Collected data entries:
==============================
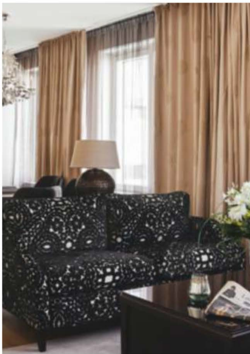
Boutiquehotellet Haven er moderne på den kølige, skandinaviske måde.
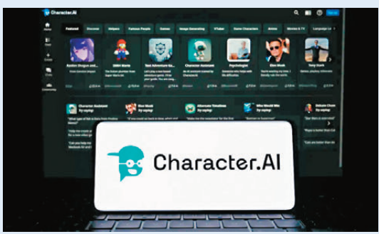
Character.AI 表示現時就AI聊天機械人推出新的安全功能，引導自殺傾向用戶撥打預防自殺熱線。

Character.AI 就訴訟表示，公司為一名用戶不幸離世深感痛心，公司現時就AI聊天機械人推出新的安全功能，如果用戶表達自殘或自殺傾向，系統會引導用戶撥打預防自殺熱線。研發團隊也會調整AI對話內容，降低未成年用戶遇到敏感內容的機率。
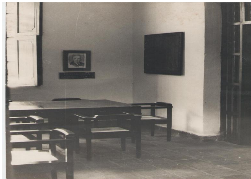
Foto 34. Sala de lectura de la biblioteca Ernesto Michelsen Mantilla, ubicada en la actual oficina de la Institución
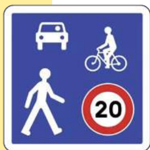
Panneau zone de rencontre
==============================
* _Task to carry out_
Please show every line of the entries above that contains the word "Character".

* _Written response_
Character.AI 表示現時就AI聊天機械人推出新的安全功能，引導自殺傾向用戶撥打預防自殺熱線。
Character.AI 就訴訟表示，公司為一名用戶不幸離世深感痛心，公司現時就AI聊天機械人推出新的安全功能，如果用戶表達自殘或自殺傾向，系統會引導用戶撥打預防自殺熱線。研發團隊也會調整AI對話內容，降低未成年用戶遇到敏感內容的機率。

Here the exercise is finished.